▶ _Data supplied_:
# # # # # # #

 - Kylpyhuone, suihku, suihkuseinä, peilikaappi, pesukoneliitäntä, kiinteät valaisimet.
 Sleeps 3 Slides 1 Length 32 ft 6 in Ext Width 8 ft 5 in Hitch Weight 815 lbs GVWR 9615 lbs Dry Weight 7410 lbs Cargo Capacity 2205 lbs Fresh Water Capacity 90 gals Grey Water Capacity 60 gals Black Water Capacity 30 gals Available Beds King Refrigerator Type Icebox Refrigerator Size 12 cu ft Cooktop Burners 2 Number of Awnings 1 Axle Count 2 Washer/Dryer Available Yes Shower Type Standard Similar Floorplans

# # # # # # #

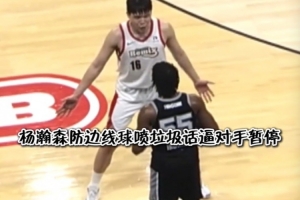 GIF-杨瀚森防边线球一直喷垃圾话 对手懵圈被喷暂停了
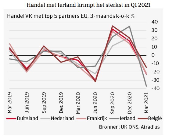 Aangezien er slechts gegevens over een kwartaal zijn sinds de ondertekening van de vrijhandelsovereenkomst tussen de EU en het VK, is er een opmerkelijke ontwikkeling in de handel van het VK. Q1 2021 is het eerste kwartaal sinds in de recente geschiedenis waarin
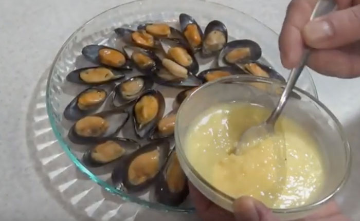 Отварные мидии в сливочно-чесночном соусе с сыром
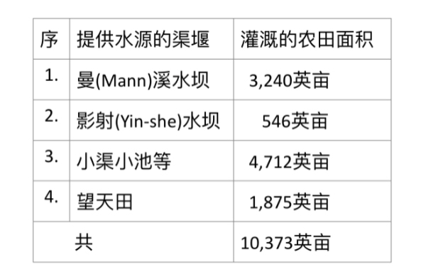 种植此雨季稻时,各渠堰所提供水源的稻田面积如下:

# # # # # # #

▶ _Problem_: Using the records above, restate word for word the lines from the one with "pesukoneliitäntä, kiinteät valaisimet." through the one with "Sleeps 3 Slides", both included.

▶ _Finished exercise_:
 - Kylpyhuone, suihku, suihkuseinä, peilikaappi, pesukoneliitäntä, kiinteät valaisimet.
 Sleeps 3 Slides 1 Length 32 ft 6 in Ext Width 8 ft 5 in Hitch Weight 815 lbs GVWR 9615 lbs Dry Weight 7410 lbs Cargo Capacity 2205 lbs Fresh Water Capacity 90 gals Grey Water Capacity 60 gals Black Water Capacity 30 gals Available Beds King Refrigerator Type Icebox Refrigerator Size 12 cu ft Cooktop Burners 2 Number of Awnings 1 Axle Count 2 Washer/Dryer Available Yes Shower Type Standard Similar Floorplans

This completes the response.